───── RECORDS FOR PROCESSING ─────

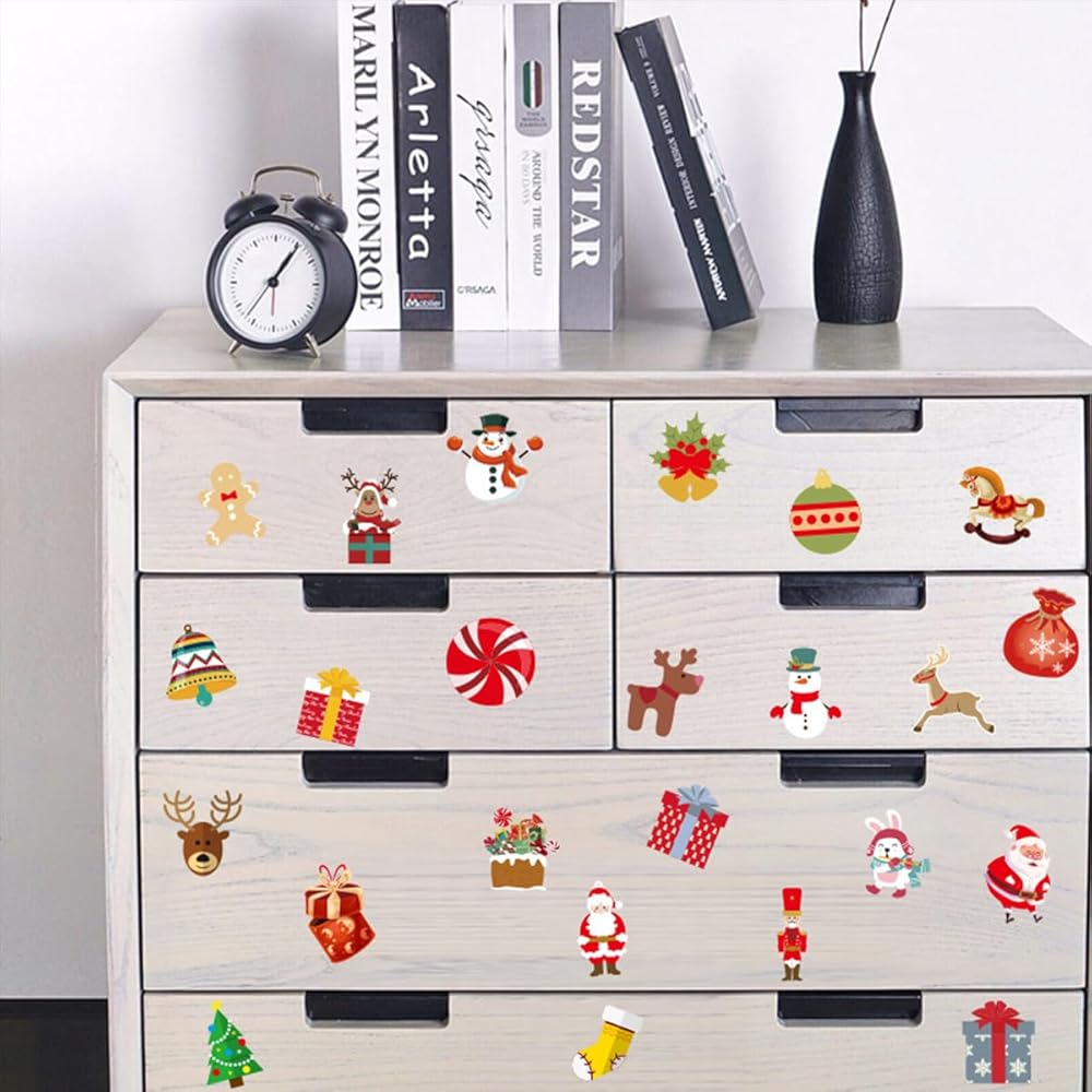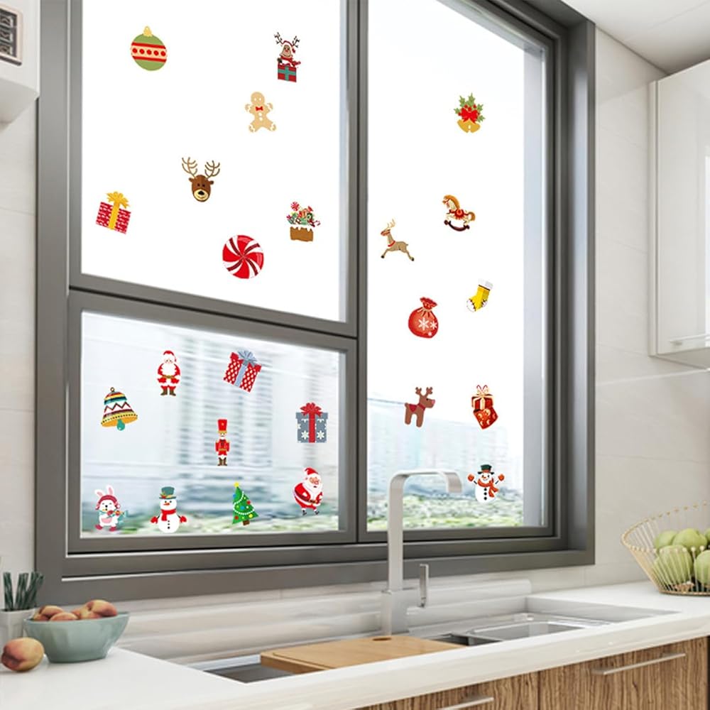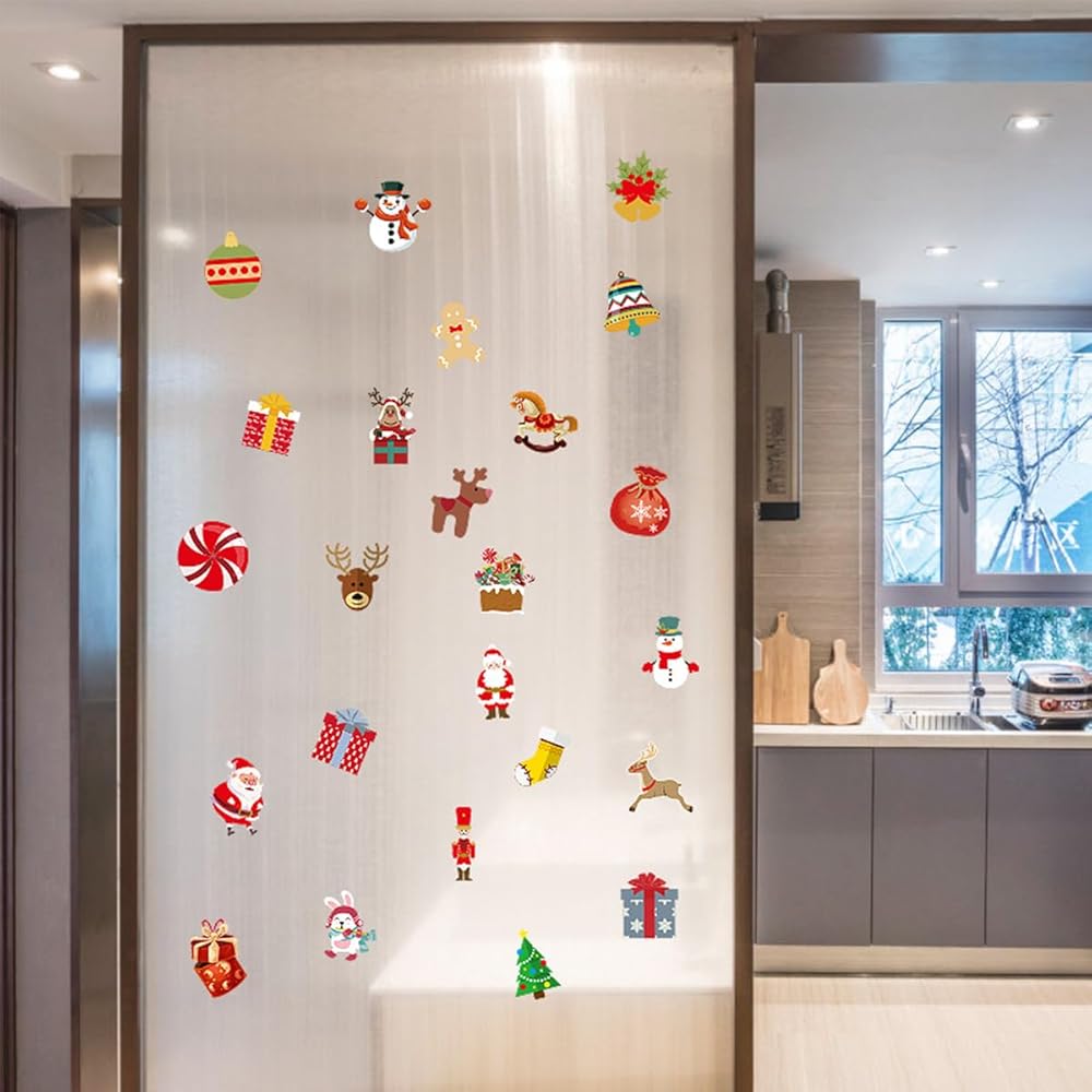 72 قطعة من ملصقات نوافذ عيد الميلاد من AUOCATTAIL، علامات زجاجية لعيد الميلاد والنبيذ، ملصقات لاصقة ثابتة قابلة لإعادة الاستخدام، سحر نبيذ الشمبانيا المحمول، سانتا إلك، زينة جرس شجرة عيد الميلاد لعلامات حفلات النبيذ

─────
───── RECORDS FOR PROCESSING ─────

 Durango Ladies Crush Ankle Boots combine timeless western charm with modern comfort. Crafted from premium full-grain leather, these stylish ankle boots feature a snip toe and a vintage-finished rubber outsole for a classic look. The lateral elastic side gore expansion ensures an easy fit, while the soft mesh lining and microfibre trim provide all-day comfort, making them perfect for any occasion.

─────
───── RECORDS FOR PROCESSING ─────

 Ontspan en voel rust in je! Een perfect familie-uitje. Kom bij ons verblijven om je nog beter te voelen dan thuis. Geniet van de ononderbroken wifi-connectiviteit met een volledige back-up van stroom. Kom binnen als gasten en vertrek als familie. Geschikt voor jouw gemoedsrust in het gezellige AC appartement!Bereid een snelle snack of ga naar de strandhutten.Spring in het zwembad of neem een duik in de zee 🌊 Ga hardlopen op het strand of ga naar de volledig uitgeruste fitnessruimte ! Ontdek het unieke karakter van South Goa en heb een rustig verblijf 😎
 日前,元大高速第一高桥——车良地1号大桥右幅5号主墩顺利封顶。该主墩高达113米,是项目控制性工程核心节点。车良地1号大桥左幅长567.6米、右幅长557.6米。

─────

Once you have checked every line of the material above, return the ones that hold the string "perfect".

SOLUTION TO THIS TASK
 Durango Ladies Crush Ankle Boots combine timeless western charm with modern comfort. Crafted from premium full-grain leather, these stylish ankle boots feature a snip toe and a vintage-finished rubber outsole for a classic look. The lateral elastic side gore expansion ensures an easy fit, while the soft mesh lining and microfibre trim provide all-day comfort, making them perfect for any occasion.
 Ontspan en voel rust in je! Een perfect familie-uitje. Kom bij ons verblijven om je nog beter te voelen dan thuis. Geniet van de ononderbroken wifi-connectiviteit met een volledige back-up van stroom. Kom binnen als gasten en vertrek als familie. Geschikt voor jouw gemoedsrust in het gezellige AC appartement!Bereid een snelle snack of ga naar de strandhutten.Spring in het zwembad of neem een duik in de zee 🌊 Ga hardlopen op het strand of ga naar de volledig uitgeruste fitnessruimte ! Ontdek het unieke karakter van South Goa en heb een rustig verblijf 😎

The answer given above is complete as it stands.